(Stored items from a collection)
----
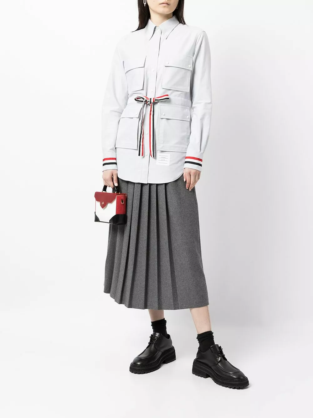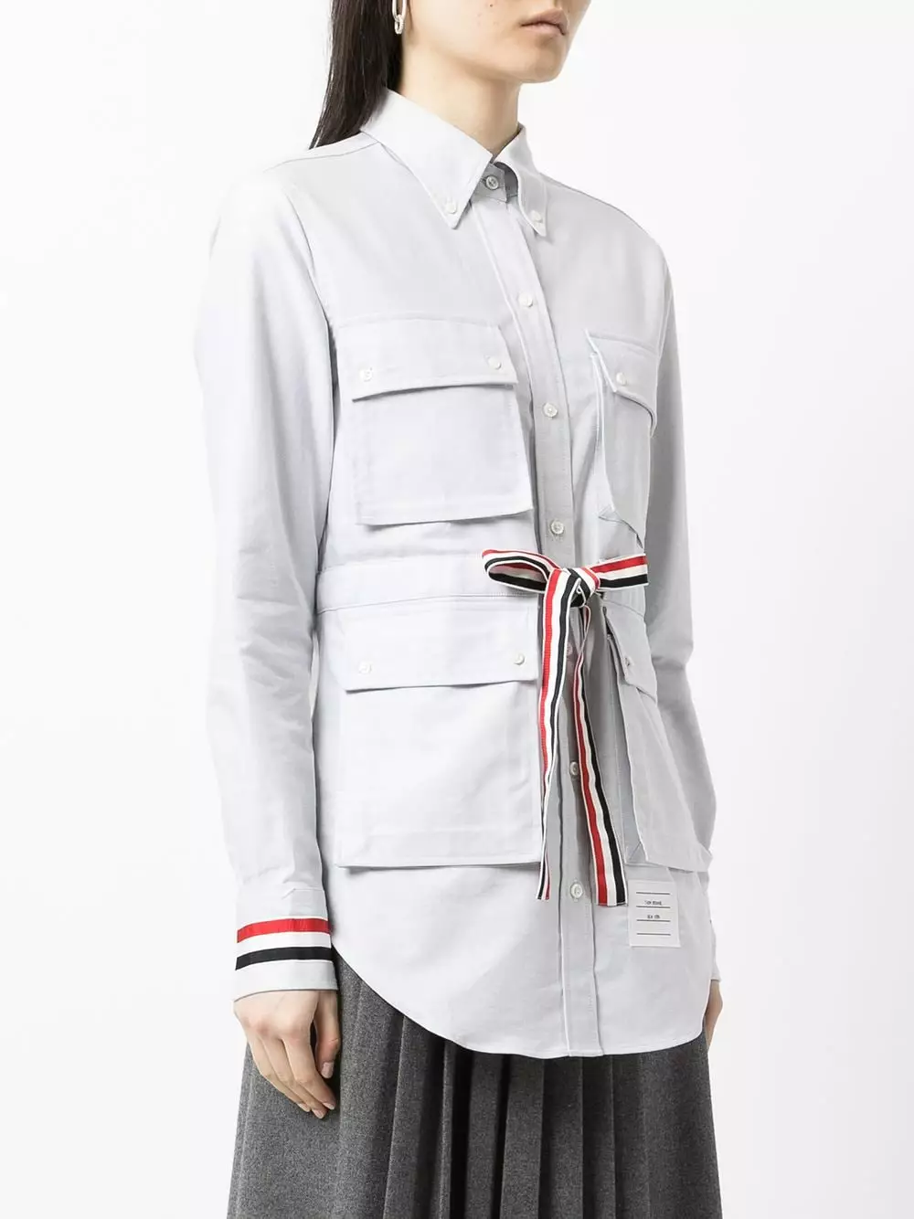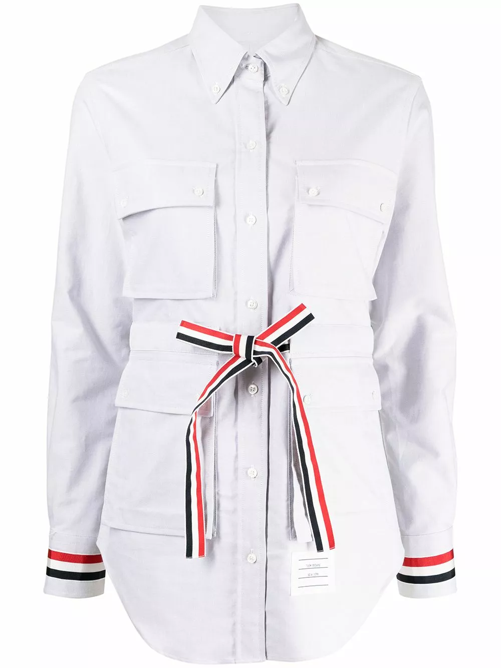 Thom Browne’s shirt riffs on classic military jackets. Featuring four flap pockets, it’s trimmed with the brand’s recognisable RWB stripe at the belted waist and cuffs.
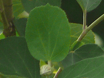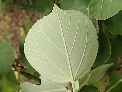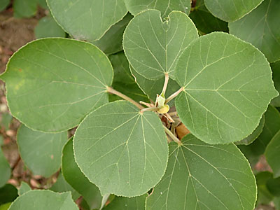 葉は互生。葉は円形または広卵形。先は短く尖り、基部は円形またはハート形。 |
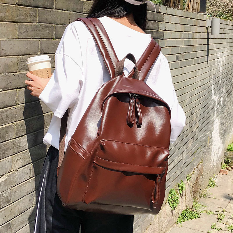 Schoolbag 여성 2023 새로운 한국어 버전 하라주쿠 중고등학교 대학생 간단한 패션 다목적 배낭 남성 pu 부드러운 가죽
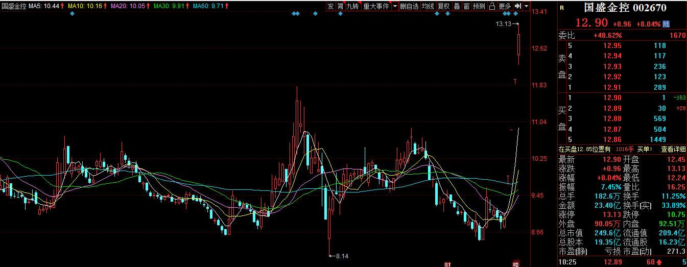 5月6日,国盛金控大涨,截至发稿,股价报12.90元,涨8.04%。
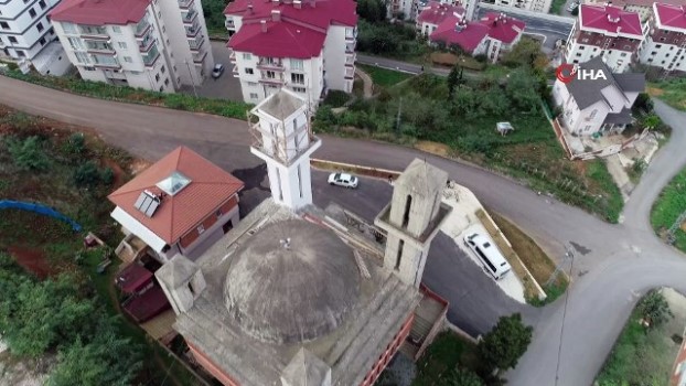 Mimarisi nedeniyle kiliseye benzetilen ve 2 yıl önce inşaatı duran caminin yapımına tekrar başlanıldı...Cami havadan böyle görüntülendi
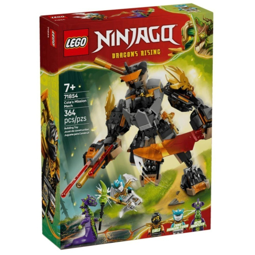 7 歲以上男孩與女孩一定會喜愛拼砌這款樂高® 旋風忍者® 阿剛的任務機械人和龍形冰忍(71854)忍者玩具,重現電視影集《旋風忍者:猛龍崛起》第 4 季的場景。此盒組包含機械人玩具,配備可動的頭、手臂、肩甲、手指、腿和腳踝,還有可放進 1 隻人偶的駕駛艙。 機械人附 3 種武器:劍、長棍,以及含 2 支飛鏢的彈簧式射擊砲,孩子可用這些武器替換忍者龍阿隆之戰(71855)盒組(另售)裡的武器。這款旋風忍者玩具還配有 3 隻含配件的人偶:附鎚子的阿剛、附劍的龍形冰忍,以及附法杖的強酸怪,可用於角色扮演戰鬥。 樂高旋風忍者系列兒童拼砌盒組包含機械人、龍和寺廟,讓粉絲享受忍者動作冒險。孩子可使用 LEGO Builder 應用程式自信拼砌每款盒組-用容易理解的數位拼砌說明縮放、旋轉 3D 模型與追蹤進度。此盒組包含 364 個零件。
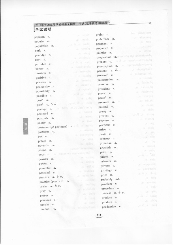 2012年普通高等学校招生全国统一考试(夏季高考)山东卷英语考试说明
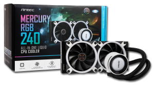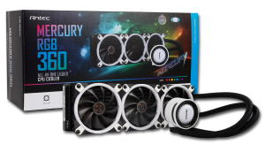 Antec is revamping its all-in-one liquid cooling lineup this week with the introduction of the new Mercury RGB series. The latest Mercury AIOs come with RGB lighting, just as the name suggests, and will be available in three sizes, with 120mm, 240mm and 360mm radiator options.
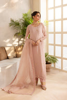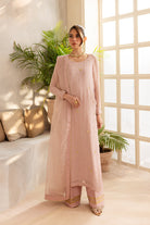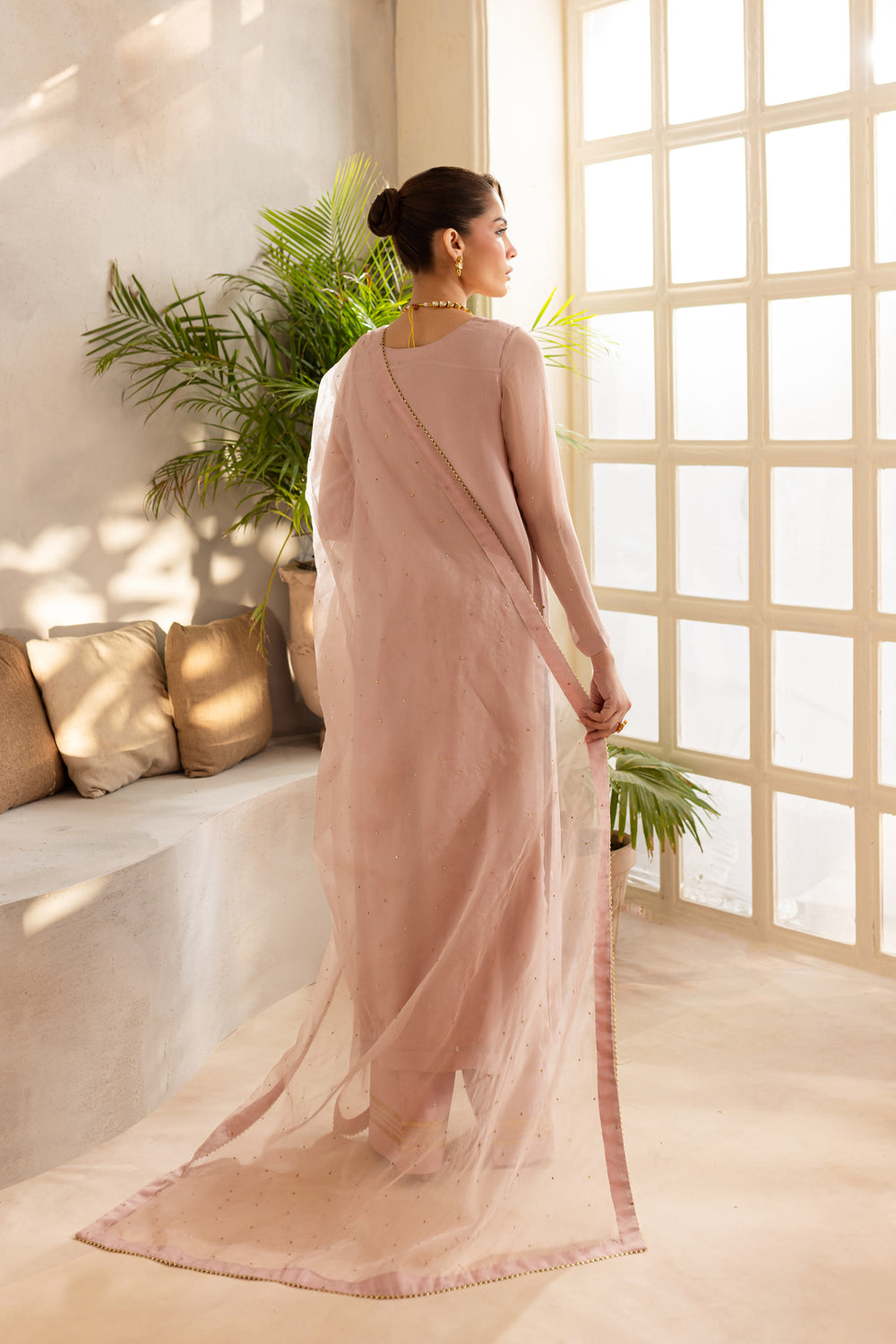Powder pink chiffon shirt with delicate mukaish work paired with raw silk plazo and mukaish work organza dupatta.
----
- How to complete this task: Set the pictures aside and reproduce exactly the lines above, from the line holding "Schoolbag 여성 2023" through the line holding "2012年普通高等学校招生全国统一考试(夏季高考)山东卷英语考试说明", both included, with nothing else.

- Result of this exercise:
 Schoolbag 여성 2023 새로운 한국어 버전 하라주쿠 중고등학교 대학생 간단한 패션 다목적 배낭 남성 pu 부드러운 가죽
 5月6日,国盛金控大涨,截至发稿,股价报12.90元,涨8.04%。
 Mimarisi nedeniyle kiliseye benzetilen ve 2 yıl önce inşaatı duran caminin yapımına tekrar başlanıldı...Cami havadan böyle görüntülendi
 7 歲以上男孩與女孩一定會喜愛拼砌這款樂高® 旋風忍者® 阿剛的任務機械人和龍形冰忍(71854)忍者玩具,重現電視影集《旋風忍者:猛龍崛起》第 4 季的場景。此盒組包含機械人玩具,配備可動的頭、手臂、肩甲、手指、腿和腳踝,還有可放進 1 隻人偶的駕駛艙。 機械人附 3 種武器:劍、長棍,以及含 2 支飛鏢的彈簧式射擊砲,孩子可用這些武器替換忍者龍阿隆之戰(71855)盒組(另售)裡的武器。這款旋風忍者玩具還配有 3 隻含配件的人偶:附鎚子的阿剛、附劍的龍形冰忍,以及附法杖的強酸怪,可用於角色扮演戰鬥。 樂高旋風忍者系列兒童拼砌盒組包含機械人、龍和寺廟,讓粉絲享受忍者動作冒險。孩子可使用 LEGO Builder 應用程式自信拼砌每款盒組-用容易理解的數位拼砌說明縮放、旋轉 3D 模型與追蹤進度。此盒組包含 364 個零件。
 2012年普通高等学校招生全国统一考试(夏季高考)山东卷英语考试说明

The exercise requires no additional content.